After more than a decade of negotiations and permitting, the Windy Gap Firming Project is preparing to move forward, despite pending litigation.

Currently, the Windy Gap Project consists of a diversion dam and pump plant built in the 1980s. This system delivers water from the Colorado River to Lake Granby, where the water is stored before being piped across the Continental Divide to Front Range communities. In low-runoff years the water cannot be diverted because of Windy Gap’s relatively junior water rights, but wet years also pose an issue. Since there is no storage for the project on the Eastern Slope, the pump plant is unable to operate once Lake Granby is full.

The Windy Gap Firming Project is a series of proposed updates to the existing system, and includes plans for a new East Slope reservoir. If the project moves forward, Chimney Hollow, the new 90,000 acre-foot reservoir, will be constructed southwest of Loveland to provide storage space for water diverted for use by 12 fast-growing Front Range communities, creating an annual yield of about 30,000 acre-feet.

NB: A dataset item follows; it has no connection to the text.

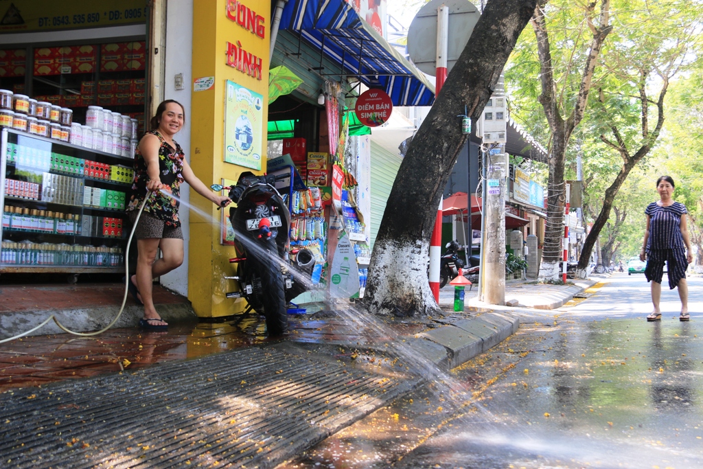Để làm giảm nhiệt, một vài nhà dân dùng nước tưới liên tục từ trên mái nhà đến xuống mặt đường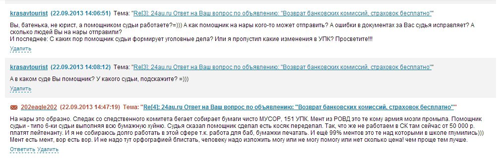 "...Наши клиенты ТУПИЦИ..." Продолжение темы о "профессиональных" юристах. 22/09/2013 21:57 Вас устраивает уровень предоставляемых услуг в Красноярске? ДаНетМне все равно Голосовать Результаты Вот как к нам, клиентам, относятся всякие неучи и бездари. Главная / Юмор +2 Estet 11 1 618

Environmentalists have long been divided over Windy Gap. Conservation organization Trout Unlimited objected to the Windy Gap Firming Project at first, but ultimately collaborated with water managers on several settlements for the project. “When we evaluated the whole big picture and asked, ‘What’s best for the Colorado River?’ The answer—reaching this agreement—was much better than fighting the project itself,” says Mely Whiting, legal counsel for Trout Unlimited.

One of the key settlement items, a bypass channel around Windy Gap Reservoir on the West Slope, will reconnect the Colorado River, allowing flows, fish and sediment to move unimpeded down the river. The channel will also expand riparian habitat and isolate the reservoir from the river so that problems with temperature, nutrients and algae don’t affect the Colorado River.

Others still have concerns about the project’s environmental impacts. In fall 2017 a coalition of environmental groups, including Save the Colorado and Save the Poudre—both led by executive director Gary Wockner—along with WildEarth Guardians, Living Rivers, and Waterkeeper Alliance filed a lawsuit against the U.S. Bureau of Reclamation and the Army Corps of Engineers challenging their analysis of need for the diversion and sufficiency of environmental review. Since the filing, the Sierra Club has also signed onto the suit.

In the meantime, Northern Water is hoping to start construction by late 2018, or, more likely, early 2019. Construction is anticipated to take three to four years.